THE DATA:

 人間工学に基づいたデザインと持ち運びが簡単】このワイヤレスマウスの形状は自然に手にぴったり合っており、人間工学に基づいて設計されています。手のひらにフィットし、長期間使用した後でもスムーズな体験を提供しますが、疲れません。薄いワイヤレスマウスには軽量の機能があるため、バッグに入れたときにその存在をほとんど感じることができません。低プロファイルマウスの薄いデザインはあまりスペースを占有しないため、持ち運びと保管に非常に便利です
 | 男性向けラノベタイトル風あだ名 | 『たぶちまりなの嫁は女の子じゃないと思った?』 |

* * *

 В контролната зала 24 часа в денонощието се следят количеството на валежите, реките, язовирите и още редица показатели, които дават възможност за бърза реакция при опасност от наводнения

WHAT IS BEING ASKED: Using the listing above, copy exactly the line that contains "人間工学に基づいたデザインと", the line that contains "男性向けラノベタイトル風あだ名 | 『たぶちまりなの嫁は女の子じゃないと思った?』 |", and each line that falls between them.

FINISHED TASK:
 人間工学に基づいたデザインと持ち運びが簡単】このワイヤレスマウスの形状は自然に手にぴったり合っており、人間工学に基づいて設計されています。手のひらにフィットし、長期間使用した後でもスムーズな体験を提供しますが、疲れません。薄いワイヤレスマウスには軽量の機能があるため、バッグに入れたときにその存在をほとんど感じることができません。低プロファイルマウスの薄いデザインはあまりスペースを占有しないため、持ち運びと保管に非常に便利です
 | 男性向けラノベタイトル風あだ名 | 『たぶちまりなの嫁は女の子じゃないと思った?』 |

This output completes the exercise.